Posted by: Johnsona0620 ()
Date: December 15, 2017 02:20PM

Pennsylvania Hillclimb Association classes info below. Basically either a V8 or flat 6 could be done but it looks like historic vintage won’t be my class because I want efi with either build. Super production street mod and special are interesting classes. I guess the question is now where is a Corvair competitive amongst modern cars transmission and transaxle limitation?

Production

Series produced cars, which are allowed a range of performance modifications while retaining their original design, structure and drive layout. There is no age limit, such as Showroom Stock, so Production includes many cars as old as 50 years and as new as current body styles. The three performance potential based classes include: E Production (EP), F Production (FP) and H Production (HP).

EP is the fastest of the Production classes with HP running the slowest in the category. Several cars in the Production classes can be run in more than one class, just by changing the engine between races. The ease of engine changes allows many Production drivers to enter more than one class at the Runoffs each year. Cars included in Production classes come from a diverse group ranging from the MG Midget, Turner, Fiat X1/9, Alfa Romeo Spyder, Austin Healey Sprite, and Lotus Super 7 to the BMW 325, Mazda Miata, RX-7, Nissan 240, Honda Civic, Suzuki Swift GTI and Toyota MR-2.

Super Production (SPU, SPO)

Cars running Super Production according to the GCR Specifications shall be separated according to the following
displacements:
SPU–normally aspirated cars of displacement 2999 cc or under, and forced-induction cars 1999cc and under
SPO–normally aspirated cars displacing 3000cc or over, and forced-induction cars 2000cc and over
All rotary engined cars will apply a 1.5 displacement multiplier when determining class.

Street Mod, Super Street Mod, & Street Mod Front Wheel Drive

Street Mod classes allows for radical things all the way up to engine swaps (within the same manufacturer). Keep in mind that these are “street” cars, so lights and interior are required (to varying degrees). Street Mod (SM) includes all sedans, coupes, and pickup trucks. Super Street Mod (SSM) accommodates 2 seater cars, SM sedans/coupes that do not meet weight restrictions, and other exclusions listed specifically in the SCCA Solo Rules. Street Mod Front Wheel Drive (SMF) was created to separate rear wheel and front wheel drive cars since the performance of these designs varies dramatically.

Vintage and Historic

Have an old race car that is running just as it did in the old days?

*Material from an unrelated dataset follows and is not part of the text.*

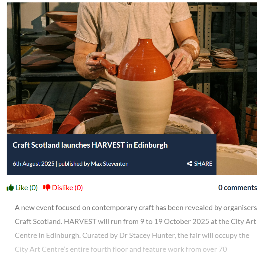 Exhibition News: Craft Scotland launches HARVEST in Edinburgh

Vintage or Historic may be a place for you to run. Again, cars are divided up by year, car configuration (sedan or formula), and displacement. These cars will have to meet minimum safety requirements to make timed runs, but it’s a great place to relive some of the old glory days.

Cars shall be prepared to and in possession of the SCCA Vintage Rules. A vintage or historic car will not be able to
compete at full competition speed unless it conforms to the current safety/roll bar rules specific in the current GCR, TTR. If a car does not conform to these specifications, it may be allowed to take exhibition runs at the posted road speed limit with no time posted. No exhibition runs will be allowed at track events. In Historic 1, 2 and 4 carburetors and intake manifolds, valve rockers and brakes are free. Transmissions are free as long as they have the same number of forward gears. Rear tube shocks can replace lever shocks. Fender flares composed of steel, fiberglass or aluminum are allowed. No racing slicks are allowed in any of these classes.
Vintage 1 (V1)–1950-1962 Sports Cars and Sedans 2000cc and under
Vintage 2 (V2)–1950-1962 Sports Cars and Sedans Over 2000cc

Vintage 3 (V3)–1950-Pre 1967 Sports Racing and Formula Cars
Historic 1 (H1)–1963-Pre 1973 Sports Cars and Sedans 1301cc to 2000cc
Historic 2 (H2)–1963-Pre 1973 Sports Cars and Sedans Over 2000cc
Historic 3 (H3)–1967-Pre 1973 Sports Racing, FIA, Can-Am and 1967-Pre1973 Formula Car, All Formula 5000
Historic 4 (H4)–1963-Pre 1973 Sports Cars and Sedans 1300cc and under

Special

These are our catch-all classes. Three classes divide cars by displacement. Essentially there are two kinds of cars in Special: those that are built just to set hillclimb records, and those that people want to run but they just don’t fit into any class. You might see anything in Special, from a Ford Torino dirt-track car (complete with top-fuel style wing) to a mini-formula car with a 3-cylinder 2-stroke engine and a variable belt drive. These cars must meet the safety requirements outlined in the Time Trial Rules, have operating suspension on all wheels, open or closed wheel design, and the chassis must be equally distributed along the center line of the vehicle.

Classed by engine displacement (multiplication factor of 1.5 shall be used for forced induction)
S1–0 to 1650cc
S2–1651 to 3500cc
S3–3501cc to 500 cubic in



Edited 1 time(s). Last edit at 12/15/2017 02:28PM by Johnsona0620.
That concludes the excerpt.